Banque : les employés fraudeurs bientôt recensés dans un fichier national ? information fournie par Moneyvox 27/07/2026 à 08:14
Vous travaillez dans le secteur de la banque ? Un nouveau fichier recensant les personnes ayant commis des fraudes pourrait bientôt voir le jour et être consultable par les différents établissements bancaires.
40 millions d'euros : voici le montant estimé du préjudice subi par les principaux réseaux bancaires en 2024 à la suite de manquements graves et de fraudes commis par des employés. Un phénomène qui pourrait être limité par la création d'un fichier recensant les salariés fraudeurs , tel que le souhaite le député Daniel Labaronne du groupe Ensemble pour la République. Que contiendrait précisément ce fichier ? Qui pourrait s'en servir ? Que permettrait-il ? Tous les détails sur cette proposition de loi.
Une proposition de loi pour sécuriser les recrutements dans le secteur bancaire
De par leur métier, les employés du secteur bancaire bénéficient d'un accès privilégié à des outils et à des informations sensibles. Résultat ? Certains salariés franchissent la ligne rouge et commettent des fraudes. Un phénomène qui s'aggrave si l'on en croit le député Daniel Labaronne : "Le secteur bancaire français est confronté à une recrudescence de manquements graves aux dispositions internes - code de déontologie, règlement intérieur, procédures internes - commis par certains collaborateurs".
Pour le député du groupe Ensemble pour la République, il est temps d'agir contre cet "angle mort persistant". Une proposition de loi "visant à renforcer la lutte contre la fraude bancaire interne par la prévention des manquements graves à la probité" a d'ailleurs été déposée par Daniel Labaronne devant l'Assemblée nationale. L'objectif de ce texte ? Permettre la création d'un fichier national recensant les salariés ayant commis des fraudes bancaires dans l'exercice de leurs fonctions.
Ce nouveau fichier pourrait permettre aux banques de vérifier l'intégrité de leurs collaborateurs avant de les recruter, et devrait donc permettre de réduire les risques de fraudes en interne. Pour Daniel Labaronne, "les dispositifs actuels de vérification des antécédents – traitement d'antécédents judiciaires (TAJ), bulletin n° 3 du casier judiciaire, prise de références – apparaissent insuffisants pour prévenir efficacement le recrutement de personnes ayant commis de tels manquements".
Un préjudice estimé à 40 millions d'euros en 2024 par les grandes banques françaises
D'après les données fournies par les principaux réseaux bancaires, le montant de la fraude liée à des manquements graves de collaborateurs a atteint les 40 millions d'euros pour 500 signalements en 2024, soit un préjudice moyen de 80 000 euros par fraude. "Certaines personnes ciblent délibérément des postes sensibles pour y commettre des infractions et quittent l'entreprise avant toute détection, opérant successivement dans plusieurs établissements" note la proposition de loi déposée devant l'Assemblée nationale.

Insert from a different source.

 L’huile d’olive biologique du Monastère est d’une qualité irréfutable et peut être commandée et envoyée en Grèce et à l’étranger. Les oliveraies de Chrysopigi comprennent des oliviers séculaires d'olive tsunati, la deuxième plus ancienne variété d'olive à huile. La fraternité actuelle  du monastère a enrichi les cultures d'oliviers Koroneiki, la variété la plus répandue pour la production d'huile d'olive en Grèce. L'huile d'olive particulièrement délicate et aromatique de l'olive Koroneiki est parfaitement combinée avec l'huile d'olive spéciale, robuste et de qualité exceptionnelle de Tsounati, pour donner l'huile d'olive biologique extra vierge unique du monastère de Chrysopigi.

Un rapport de l'Autorité de contrôle prudentiel et de résolution (ACPR) datant de juillet 2025 avance notamment que certaines fraudes aux aides publiques et sociales, aux fausses ventes en ligne ou encore aux faux investissements sont facilitées par des salariés du secteur bancaire. Pour éviter que les fonds détournés ne puissent être récupérés par qui de droit, les employés fraudeurs ouvrent des comptes dits "rebonds" et facilitent donc le travail des escrocs.

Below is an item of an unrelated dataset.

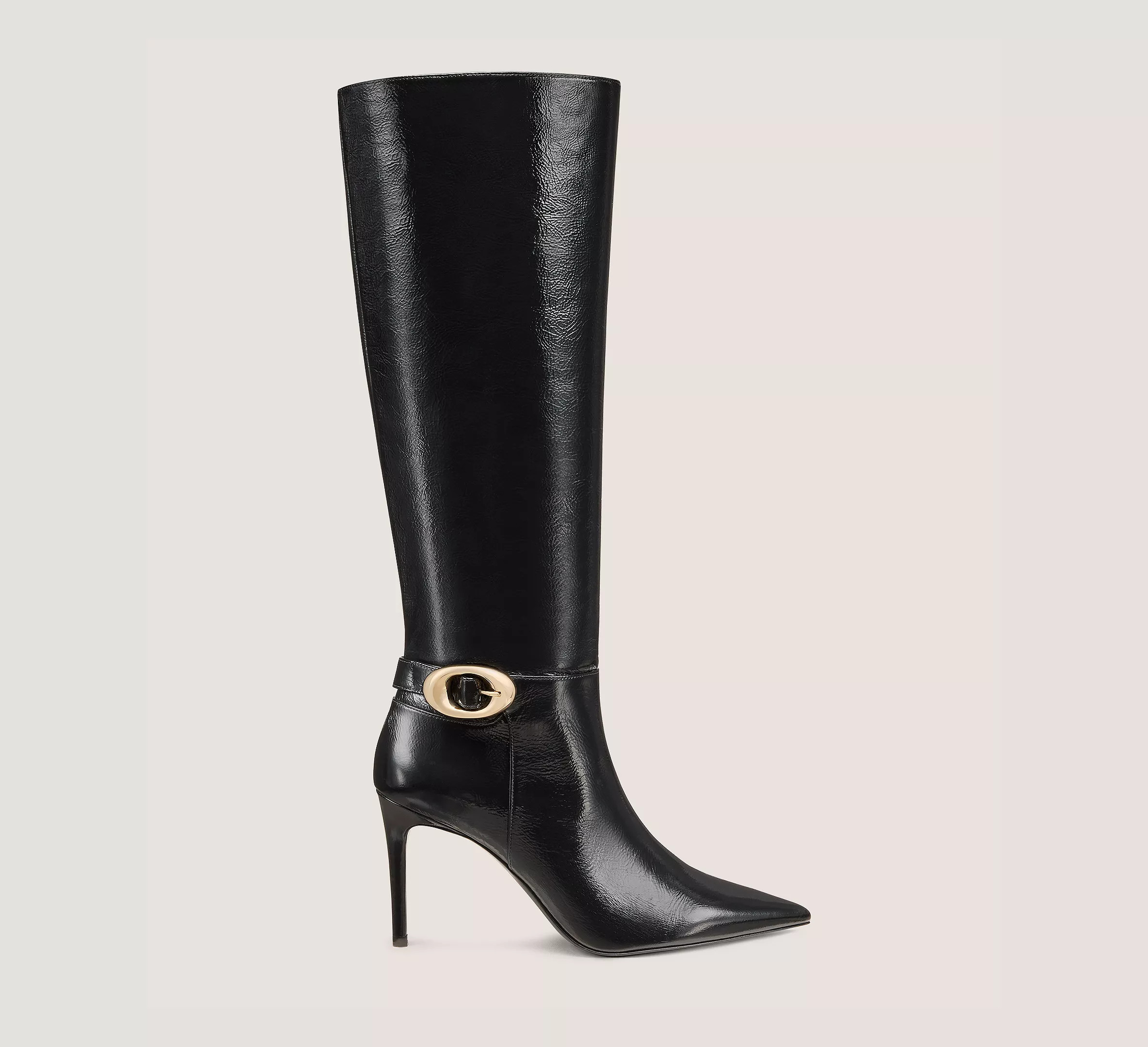 EDITOR'S NOTES The STUART POWER BUCKLE BOOT offers a polished take on our iconic pointed-toe STUART boot design. This ultra-sleek knee-high boot is crafted in Spain with an oversized buckle detail and a 75-mm stiletto heel. PRODUCT DETAILS MEASUREMENTS Heel Height: 3.4", 85 mm Shaft Height: 15", 38 cm Shaft Circumference: 15", 38 cm All measurements are made on a size 6 shoe. There may be slight measurement variations based on size. FEATURES Boot Knee-high Stiletto heel Pointed toe Buckle detail Modernized construction for extra support New foam insole Crafted by SW artisans in Spain A Stuart Weitzman icon Part of the iconic STUART Collection MATERIALS Crinkled Patent Leather Leather insole Leather outsole

"Des phénomènes comparables sont observés dans le secteur des assurances, les organismes de protection sociale, certaines entreprises exerçant des missions de contrôle ou de certification, ainsi qu'au sein de services administratifs disposant d'un accès privilégié à des données ou à des procédures sensibles" précise la proposition de loi du député Daniel Labaronne. La création d'un fichier national devrait donc permettre de limiter les écarts de conduite en recensant les personnes ayant commis des manquements graves à leurs obligations de déontologie dans le cadre de leur activité professionnelle, dans des banques ou des sociétés de financement.